Input material:
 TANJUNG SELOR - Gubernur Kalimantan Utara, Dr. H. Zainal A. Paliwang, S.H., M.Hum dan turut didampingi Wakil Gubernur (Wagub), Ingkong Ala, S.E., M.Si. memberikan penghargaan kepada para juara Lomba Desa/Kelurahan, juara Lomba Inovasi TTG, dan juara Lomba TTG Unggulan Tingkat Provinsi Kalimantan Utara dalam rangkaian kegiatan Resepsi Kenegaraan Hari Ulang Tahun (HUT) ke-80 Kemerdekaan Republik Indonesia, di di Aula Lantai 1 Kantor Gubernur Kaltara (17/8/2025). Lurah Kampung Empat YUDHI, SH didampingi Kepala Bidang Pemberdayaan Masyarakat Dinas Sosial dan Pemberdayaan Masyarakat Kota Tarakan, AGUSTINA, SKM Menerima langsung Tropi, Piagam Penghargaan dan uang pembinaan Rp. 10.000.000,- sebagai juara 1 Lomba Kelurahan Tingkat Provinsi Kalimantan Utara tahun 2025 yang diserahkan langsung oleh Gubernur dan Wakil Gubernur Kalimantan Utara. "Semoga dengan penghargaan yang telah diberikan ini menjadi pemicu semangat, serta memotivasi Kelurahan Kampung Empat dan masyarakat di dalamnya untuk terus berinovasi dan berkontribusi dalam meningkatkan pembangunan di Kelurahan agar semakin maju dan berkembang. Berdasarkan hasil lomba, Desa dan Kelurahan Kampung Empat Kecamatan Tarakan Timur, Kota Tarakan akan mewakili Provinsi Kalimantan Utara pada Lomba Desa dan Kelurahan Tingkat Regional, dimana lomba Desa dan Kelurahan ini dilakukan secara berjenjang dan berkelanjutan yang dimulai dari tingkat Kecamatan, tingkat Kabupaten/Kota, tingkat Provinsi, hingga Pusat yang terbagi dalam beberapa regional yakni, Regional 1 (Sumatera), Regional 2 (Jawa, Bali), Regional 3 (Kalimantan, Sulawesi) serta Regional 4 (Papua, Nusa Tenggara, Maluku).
...
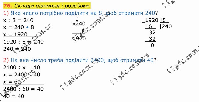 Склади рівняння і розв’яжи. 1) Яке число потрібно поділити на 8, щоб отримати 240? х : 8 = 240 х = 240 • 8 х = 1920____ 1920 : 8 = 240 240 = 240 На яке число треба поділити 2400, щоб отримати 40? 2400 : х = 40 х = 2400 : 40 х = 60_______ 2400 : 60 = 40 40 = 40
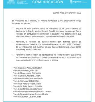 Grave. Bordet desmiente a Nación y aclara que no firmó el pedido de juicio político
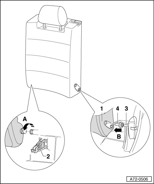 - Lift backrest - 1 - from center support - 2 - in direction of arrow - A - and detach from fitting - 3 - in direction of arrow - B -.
--
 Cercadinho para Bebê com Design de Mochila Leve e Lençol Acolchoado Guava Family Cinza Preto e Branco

Task requirements:
Going by the data above, give back only the lines from the one containing "Grave. Bordet desmiente" through the one containing "- Lift backrest", exactly as they stand, both ends included and no images.

Result for this task:
 Grave. Bordet desmiente a Nación y aclara que no firmó el pedido de juicio político
 - Lift backrest - 1 - from center support - 2 - in direction of arrow - A - and detach from fitting - 3 - in direction of arrow - B -.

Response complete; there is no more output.